I wish I’d taken more notes on every book I ever read so that my memory of the reading experience could be triggered and refreshed by my review, much in the way Proust’s memory was stimulated by sounds and tastes and petite madeleines soaked in tea.

She sent for one of those squat, plump little cakes called “petite madeleines,” which look as though they had been moulded in the fluted valve of a scallop shell. And soon, mechanically, dispirited after a dreary day with the prospect of a depressing morrow, I raised to my lips a spoonful of the tea in which I had soaked a morsel of the cake. No sooner had the warm liquid mixed with the crumbs touched my palate than a shiver ran through me and I stopped, intent upon the extraordinary thing that was happening to me. An exquisite pleasure had invaded my senses, something isolated, detached, with no suggestion of its origin. And at once the vicissitudes of life had become indifferent to me, its disasters innocuous, its brevity illusory—this new sensation having had the effect, which love has, of filling me with a precious essence; or rather this essence was not in me, it was me. I had ceased now to feel mediocre, contingent, mortal. Whence could it have come to me, this all-powerful joy? I sensed that it was connected with the taste of the tea and the cake, but that it infinitely transcended those savours, could not, indeed, be of the same nature. Where did it come from? What did it mean? How could I seize and apprehend it?

Mmmmm… delicious! Non?

On second thought, much as I love modern aids to memory such as Google, Ebook readers, and Goodreads reviews, I love even more taking the time to flip through a book I read years ago to help jog my memory and find my opinion. As I just did with this passage. (In transcribing the above excerpt I discovered that the thick and heavy Atlas Shrugged was good for something: to hold open Proust’s darling book as I typed.)

Both my opinions of particular writers and my reading tastes have changed over time. I have a vague memory of reading The Fountainhead in my 20s and holding a more positive opinion of Rand—but I was young and very self-centered back then, much like Howard Roark, so it makes sense.

As I read the last line of Atlas Shrugged: “He raised his hand and over the desolate earth he traced in space the sign of the dollar.” I have a visceral reaction to it and recall in my body the unpleasant reading experience it was in 1997 and have no desire to read more.

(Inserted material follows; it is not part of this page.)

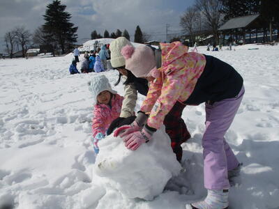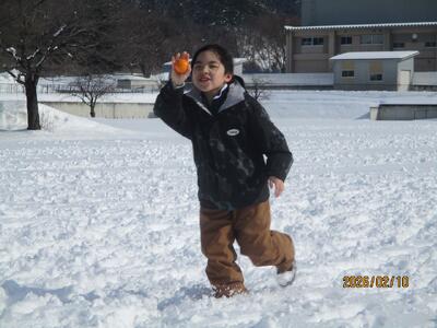 雪だるまづくりや雪上鬼ごっこ、ぐるぐるじゃんけん、雪合戦など、それぞれがやりたい遊びを選んで取り組みました。東郷小の子どもたちともすっかり打ち解け、協力して雪だるまを作ったり、追いかけあったりする姿がありました。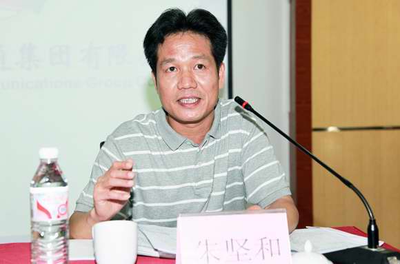圖為集團公司董事長、黨委書記朱堅和作重要講話

Yet I can open up Proust to any page, read a passage, and immediately enter Marcel’s world and re-experience my pleasure and awe. Here are his most luscious last two sentences of volume one, Swann’s Way:

The places we have known do not belong only to the world of space on which we map them for our own convenience. They were only a thin slice, held between the contiguous impressions that composed our life at that time; the memory of a particular image is but regret for a particular moment; and houses, roads, avenues are as fugitive, alas, as the years.

I think the last sentence of a book can tell us more about the book than the first, and volumes about the writer. If I had read neither Rand nor Proust before and was given the last sentence of these two books I think Proust would win, hands down.

In less than two years, on March 11, 2014, our book group will celebrate 20 years together. I think I’ll suggest a trip to Paris and reading the third volume of Proust. Maybe the Proust haters will find something to love in his writing while visiting the city of lights.